(Dataset records)
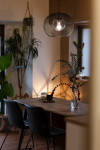 昼は日の光が入り込み明るく、夜になると間接照明で大人びた空間へ。
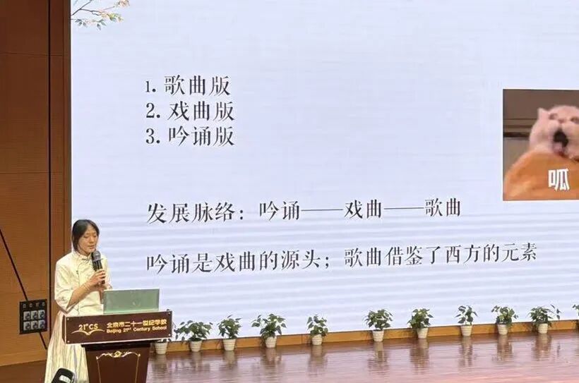 在学生讲堂上,李佳茵与同学们详细解说并展示了华调,戴调与国子监诵念调吟诵,分享了她自小学以来的吟诵经历,讲解了吟诵的主要原则。同时她还教会同学们一首简单的华调五言仄起仄收格律诗。
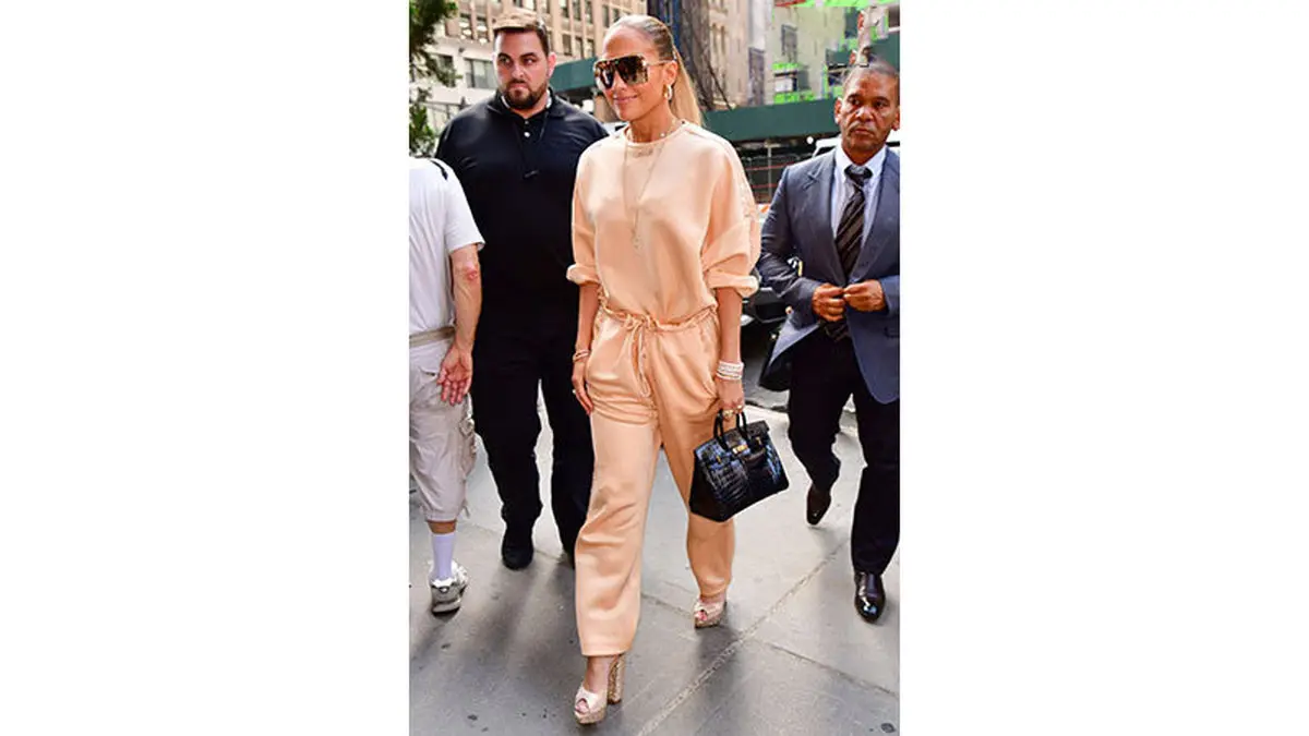 رکنا:جنیفر لوپز با لباس سرهمی هلویی رنگ و کیف دستی مشکی و عینک بیش از حد بزرگ خود در حال قدم زدن در نیویورک این عکس را گرفته و منتشر کرده است.
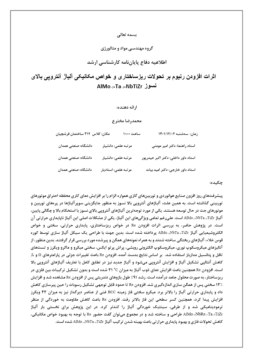 اطلاعیه دفاع دانشجوی کارشناسی ارشد - محمدرضا مخترع
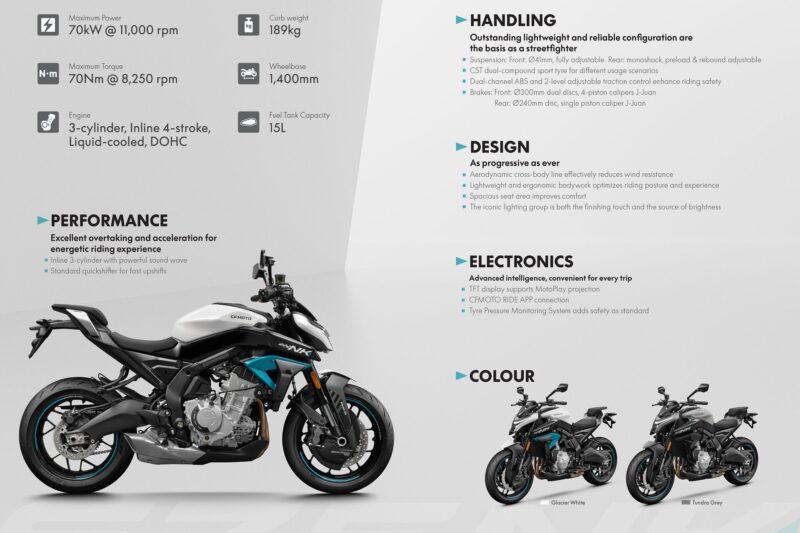 Antara ciri lain termasuklah kawalan cengkaman (TCS) dua tahap, sistem pemantauan tekanan tayar (TPMS), lampu LED, port pengecas USB Type-A dan Type-C, rim 17 inci, serta skrin paparan TFT lima inci yang menyokong aplikasi CFMoto Ride App.
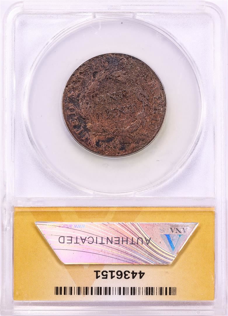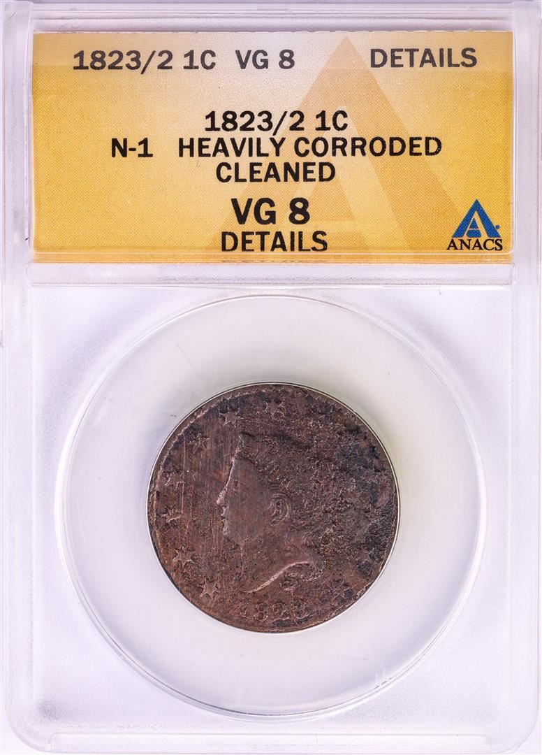 One 1823/2 N-1 Coronet Head Large Cent Coin ANACS VG8 Details. ANACS Certified.
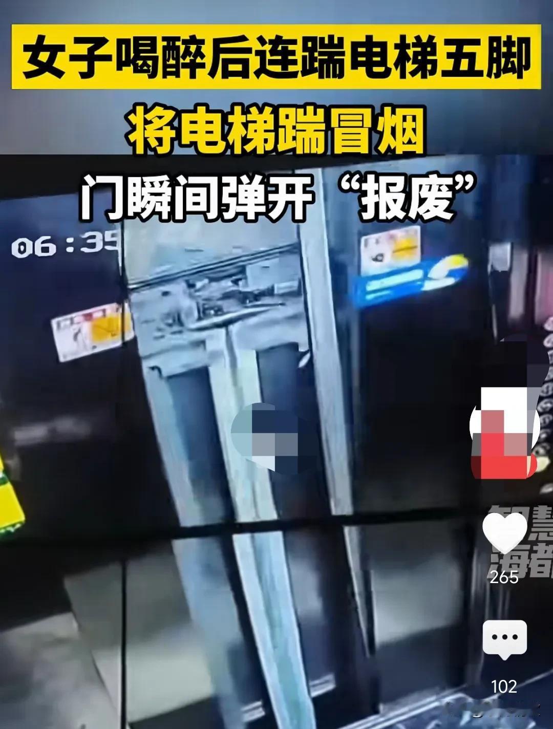 这女的这脚力也太厉害了吧,五脚竟然将电梯门给踢坏了。 9月27日浙江温州,一女子喝醉酒后,不知什么原因,对着电梯门连踹五脚,直接让电梯报废,这估计得赔不少钱了。 竟然踹冒烟了,怎么这么冲动? #女子喝醉后五脚把电梯门踹报废#

▶ GOAL OF THE EXERCISE: Print nothing except the lines above from the one containing "在学生讲堂上,李佳茵与同学们" down to the one containing "اطلاعیه دفاع دانشجوی", both included, exactly as written and free of pictures.

▶ WORKED SOLUTION:
 在学生讲堂上,李佳茵与同学们详细解说并展示了华调,戴调与国子监诵念调吟诵,分享了她自小学以来的吟诵经历,讲解了吟诵的主要原则。同时她还教会同学们一首简单的华调五言仄起仄收格律诗。
 رکنا:جنیفر لوپز با لباس سرهمی هلویی رنگ و کیف دستی مشکی و عینک بیش از حد بزرگ خود در حال قدم زدن در نیویورک این عکس را گرفته و منتشر کرده است.
 اطلاعیه دفاع دانشجوی کارشناسی ارشد - محمدرضا مخترع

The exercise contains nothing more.